Aguarela sobre papel
18 x 22 cm
     A silhueta feminina encostada ao muro que se alonga longitudinalmente no plano do fundo constitui um elemento primordial da composição, tornando-se o seu verdadeiro referente. A posição que a personagem ocupa na economia do quadro força a convergência do olhar que só depois atenta noutros pormenores do espaço envolvente, para se fixar de novo na juvenil figura. Observamos, então, mais detalhadamente a longa mancha branca do vestido, a posição corporal meio inclinada, de rosto apoiado na mão esquerda, numa atitude repousada de quem, descansadamente, deixa o tempo fluir. Contudo a sua expressão fisionómica parece exprimir interesse por algo que se passa fora do nosso campo visual, como se a cena do quadro se prolongasse para lá do muro.

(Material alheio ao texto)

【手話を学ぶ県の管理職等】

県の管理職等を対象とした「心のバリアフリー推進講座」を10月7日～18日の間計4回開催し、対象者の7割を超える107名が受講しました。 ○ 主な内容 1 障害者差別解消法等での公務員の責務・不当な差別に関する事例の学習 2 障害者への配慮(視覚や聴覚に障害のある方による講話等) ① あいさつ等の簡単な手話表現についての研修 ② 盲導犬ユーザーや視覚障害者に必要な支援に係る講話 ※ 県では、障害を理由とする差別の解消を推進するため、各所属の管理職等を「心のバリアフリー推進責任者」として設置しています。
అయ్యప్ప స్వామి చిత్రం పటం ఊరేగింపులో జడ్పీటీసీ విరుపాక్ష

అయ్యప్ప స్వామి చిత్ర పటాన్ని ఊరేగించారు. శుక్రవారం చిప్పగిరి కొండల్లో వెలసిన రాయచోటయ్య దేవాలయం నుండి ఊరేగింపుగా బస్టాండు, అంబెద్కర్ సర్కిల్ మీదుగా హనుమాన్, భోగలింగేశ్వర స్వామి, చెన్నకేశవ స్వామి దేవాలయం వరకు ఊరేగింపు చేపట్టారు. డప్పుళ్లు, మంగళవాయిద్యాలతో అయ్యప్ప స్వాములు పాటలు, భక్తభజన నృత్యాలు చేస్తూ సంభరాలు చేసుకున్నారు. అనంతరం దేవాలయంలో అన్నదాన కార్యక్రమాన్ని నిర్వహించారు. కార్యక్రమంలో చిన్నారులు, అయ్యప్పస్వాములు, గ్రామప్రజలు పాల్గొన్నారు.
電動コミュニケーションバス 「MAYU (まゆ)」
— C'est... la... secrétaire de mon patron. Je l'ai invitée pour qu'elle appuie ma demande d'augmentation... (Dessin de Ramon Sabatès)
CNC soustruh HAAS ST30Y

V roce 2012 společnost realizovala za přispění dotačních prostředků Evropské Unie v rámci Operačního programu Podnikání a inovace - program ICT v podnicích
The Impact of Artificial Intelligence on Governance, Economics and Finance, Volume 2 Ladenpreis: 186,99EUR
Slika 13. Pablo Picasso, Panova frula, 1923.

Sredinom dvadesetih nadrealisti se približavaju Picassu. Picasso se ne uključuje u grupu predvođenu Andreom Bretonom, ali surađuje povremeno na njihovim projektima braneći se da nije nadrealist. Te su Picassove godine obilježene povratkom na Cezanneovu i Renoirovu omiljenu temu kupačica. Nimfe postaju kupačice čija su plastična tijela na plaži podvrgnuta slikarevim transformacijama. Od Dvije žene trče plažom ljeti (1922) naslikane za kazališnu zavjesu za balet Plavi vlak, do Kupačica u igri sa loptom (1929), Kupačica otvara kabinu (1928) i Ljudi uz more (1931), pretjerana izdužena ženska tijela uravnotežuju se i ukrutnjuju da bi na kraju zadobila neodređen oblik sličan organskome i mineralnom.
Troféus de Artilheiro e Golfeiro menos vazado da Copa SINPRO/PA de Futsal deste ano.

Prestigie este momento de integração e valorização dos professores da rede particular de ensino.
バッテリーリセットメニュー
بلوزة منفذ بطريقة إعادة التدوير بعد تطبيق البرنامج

     O pintor reproduziu o recanto de um terraço, vislumbrando-se parcialmente a parede de uma casa e parte da janela de guilhotina, sublinhada por uma cercadura de pedra. Os caixilhos brancos emolduram os vidros servindo-lhes de contraste cromático. A pintura que cobre a parede da vivenda revela-se envelhecida pelo tempo; alternam manchas irregulares de vermelho carmesim, com outras tonalidades mais claras por se ter perdido, em certas zonas, a cor inicial, ficando à vista o amarelo esbranquiçado da estrutura primitiva.

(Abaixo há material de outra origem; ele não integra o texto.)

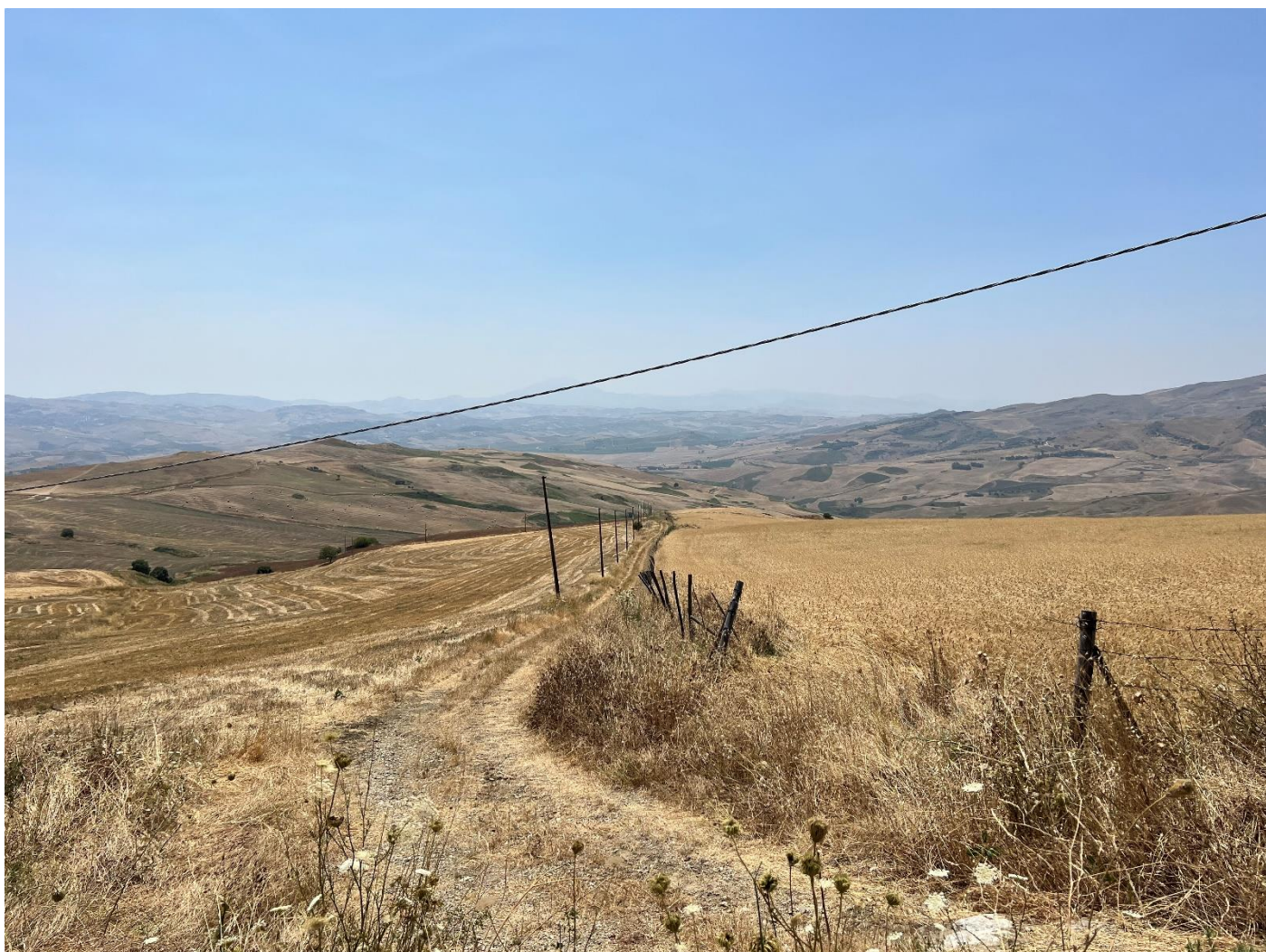
Figura 32_vista da SP64_comune Polizzi Generosa
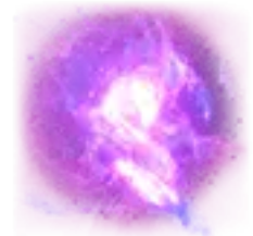
Orbe potenciador morado

Los orbes potenciadores verde y morado pueden salir en los tambores del juego base.
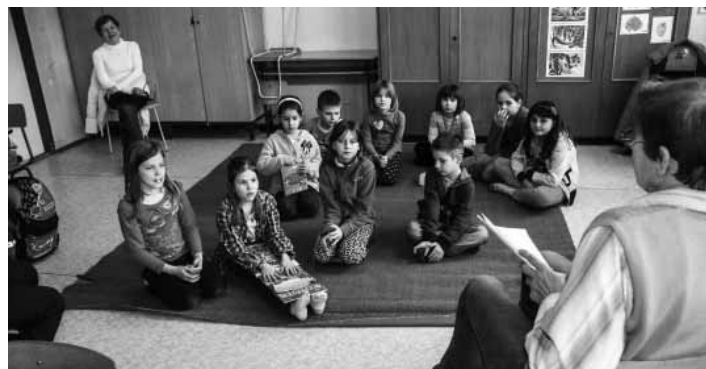
Družinári na zaujímavej besede

     Inequívocos indícios sugerem a proximidade do Outono. Bastas folhas de amarelo acastanhado juncam o solo e, se naquelas que ainda resistem nos troncos do enorme plátano domina o verde original, surgem, esporadicamente, algumas tonalidades amarelo acobreado. Tanto na casa como no terraço e até na árvore o tempo deixou marcas indeléveis. A vetustez daquilo que o homem construiu parece ter encontrado eco no próprio envelhecimento da natureza. E uma luz suave, tamisada pelos ramos da árvore, em contrates de sombra cortada por rápidas manchas de claridade, banha suavemente a intimidade deste espaço fechado, numa envolvência de vaga melancolia. Gera-se uma certa antinomia com a evidente juventude do modelo, numa oposição entre o presente e o passado.
     O artista encontrou cromatismos adequados para caracterizar o ambiente sugerido pela imagem. As lajes do pátio e o muro adquiriram o tom escuro característico das velhas pedras onde por vezes se confundem pinceladas de um tom castanho esverdeado a que branco da roupa e a claridade que emana do céu dão ainda maior relevo.